This assignment explores designing nonlinear behavior using optimization.
In the last assignment we gave you a bipedal walking simulation. Now we would like you to design/tune a controller using optimization. First you must define an appropriate optimization criterion. Then you must set up the optimization process. Note that the optimization process is likely to be slow, so you should start on the assingment early.
Part 1: Minimize torque magnitudes while walking at a defined speed (1.0m/s): Find a steady state walking pattern that minimizes torques. We would like to minimize the maximum torques. It may be easier to minimize the sum of squared torques.
Part 2: Do 1 of:
2A) Maximize efficiency. Let's assume that torque is proportional to electric current, and that the "fuel" is electrons stored in a battery. Find a gait that maximizes the distance travelled given a fixed amount of electrons, which seems to imply a fixed amount of the sum( abs( torque ) ). This is a very simplistic model (no back-EMF braking, no regeneration or charging of the battery). You can propose a more realistic model and optimize that.
2B) Jump as high as possible from a standing start.
2C) Jump as far as possible from a standing start.
2D) Jump as high as possible from a running start.
2E) Jump as far as possible from a running start.

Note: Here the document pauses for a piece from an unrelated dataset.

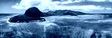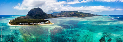 Aerial view of Mauritius island panorama and famous Le Morne Brabant mountain, beautiful blue lagoon and underwater waterfall. Le Morne Brabant peninsula and Underwater Waterfall, Mauritius.

Part 3: Maximze robustness. First define what this might mean. Intuitively, I would like a controller to work on different robots that are slightly different, and handle a wide range of initial conditions and perturbations. What optimization criterion and optimization process would find such a controller?

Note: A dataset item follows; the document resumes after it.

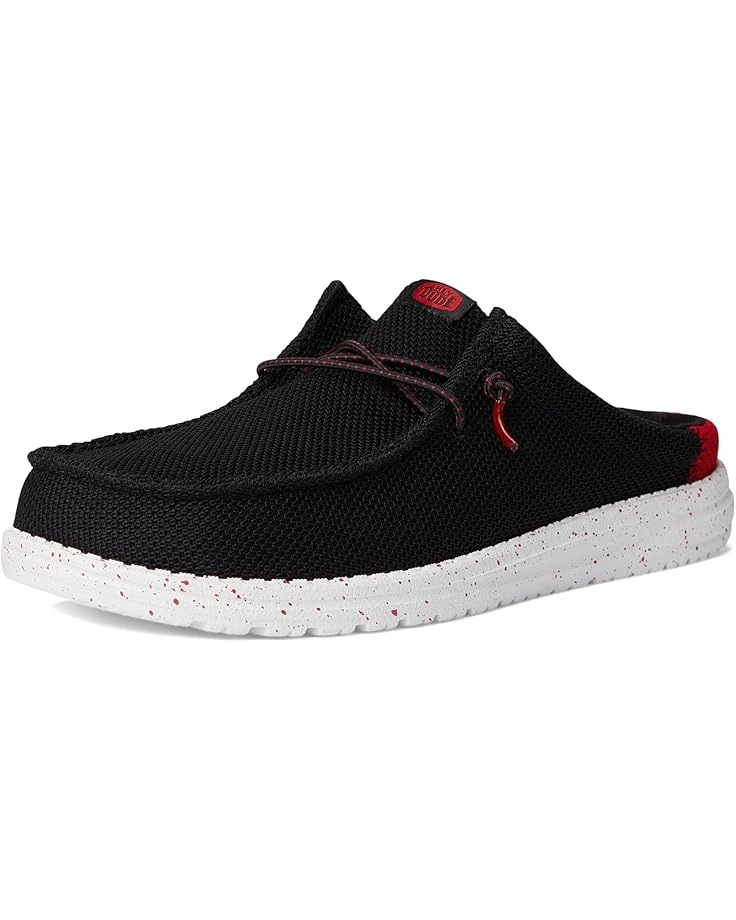 - Have you heard? Hey Dude® Wally Slip Varsity vibes are in. We took the open mesh of your favorite old-school basketball shorts and owned tailgate style this season with Wally Varsity Jersey Slip. Jersey mesh and removable foam insole mean varsity-level comfort and style. Slip into the ultimate go-to party shoe. Designed with you in mind. This Wally shoe boasts the comfort of walking on clouds. Featuring removable memory foam cushioned insole that provides maximum comfort and reduces sweating and odors, lightweight outsole, and breathable cotton fabric.

There are many sources of optimization routines available free on the web. One is the Gnu Scientific Library. A test program for the Amoeba (Nelder-Mead) optimizer is available here. It includes instructions on how to install GSL on Windows.

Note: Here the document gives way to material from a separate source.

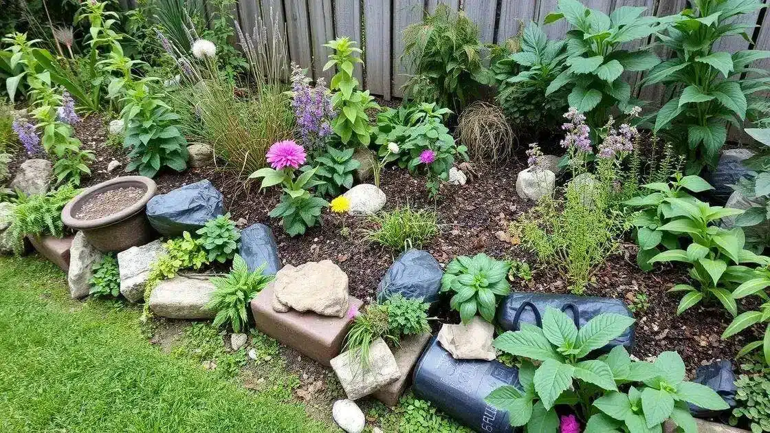 - Reaproveitamento de materiais: Usar objetos recicláveis para criar canteiros ou estruturas decorativas.

Here is a multiple model simulator that will run faster than the assignment 2 simulator (walk03.zip). You can copy the new and modified files into your version of walk03. What changed?
In walk04/walk/ New files dynamics-impact.c: multiple model dynamics sdfast: multiple new sdfast generated subroutines lu.c: LU solver: solve for x in matrix equation Ax = b Modified files Makefile main.h parameters.c
You can use any type of computer/OS/language you want. You can work in groups or alone.